Wed 2 Sep 2009
A member of Sentrigos’ security and research team, Assaf Nativ, found an interesting security issue in all versions of MS SQL Server. Turns out that SQL Server saves in memory in clear text user credentials (passwords) of users logging in using SQL Server native authentication. Users using Windows authentication are not affected. Although Microsoft recommends that only Windows authentication should be used, the reality is that many instances are configured to use mixed mode authentication with applications and administrators connecting to the instance using native authentication.
We, of course, reported this to MSRC about a year ago but received a response saying that this is not a security issue because it requires administrative privileges to exploit. Well, we respectfully disagreed and approached MSRC several times but without success in changing their mind.
I believe that this is indeed a security flaw that should be fixed for the following reasons:
- How many passwords do you use? For how many systems? You do the math 🙂 – most users reuse the same passwords between systems because it’s impossible to remember a separate strong password for all systems we use. Even administrators should not have access to end users’ set of passwords, as they can gain access to sensitive systems that were not open to them.
- Most breaches are perpetrated by skilled insiders (e.g. administrators, programmers, etc). It is for this very reason that various standards and regulations mandate segregation of duties.

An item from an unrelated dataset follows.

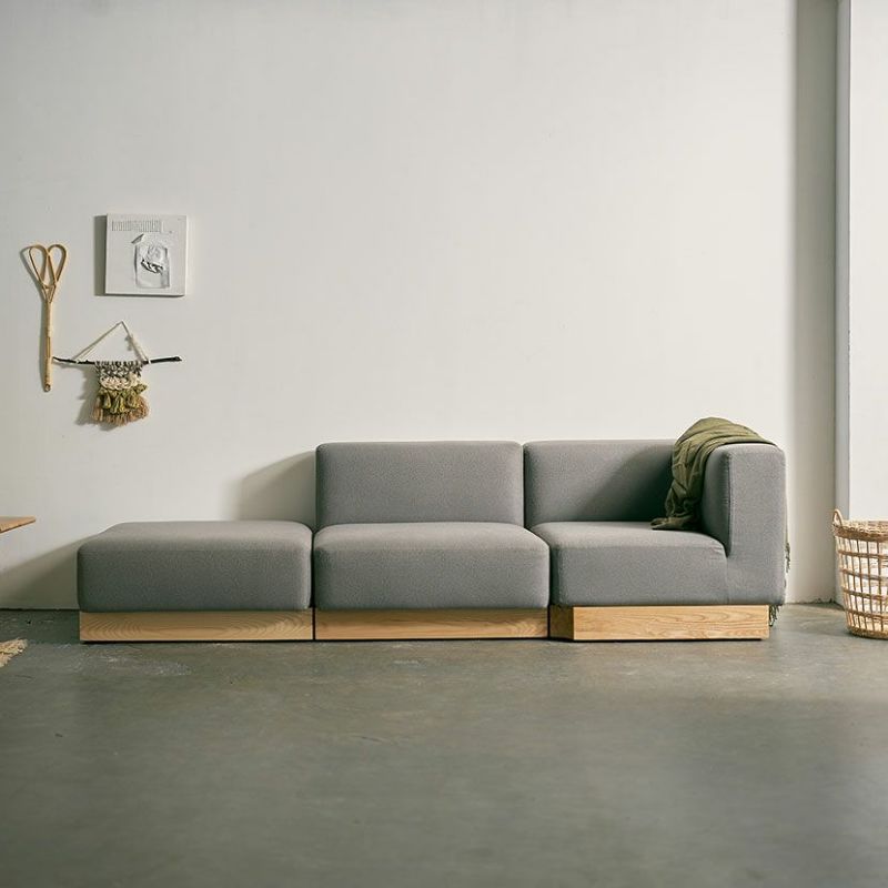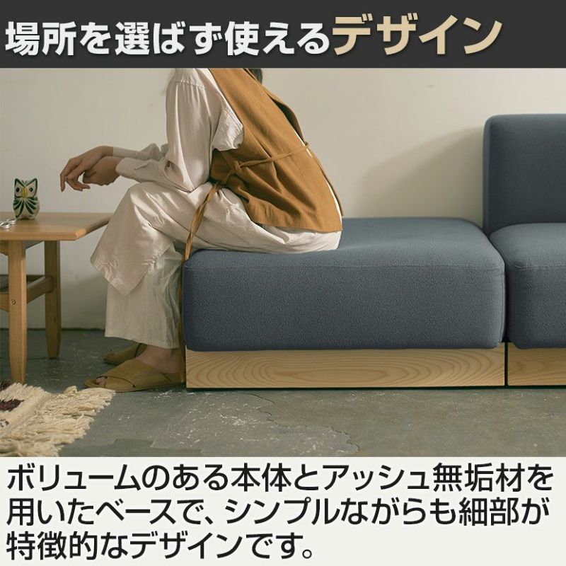 ・ボリュームのある本体とアッシュ無垢材を用いたベースで、シンプルながらも細部が特徴的なユニットソファです。

- Many applications are deployed with administrative privileges. Hackers using a single SQL injection vulnerability can now access administrative passwords which may be used to penetrate other systems on the network, escalating the breach. This is even worse in the case of SQL Server 2000 and 2005 where this can be done remotely.
We, at Sentrigo, were convinced that SQL Server administrators out there should be aware of the danger and also should have a way to mitigate it so we’ve decided to publicize it and release a free tool to remove the clear text passwords from memory.
What do you think about this issue? I’d love to hear your thoughts.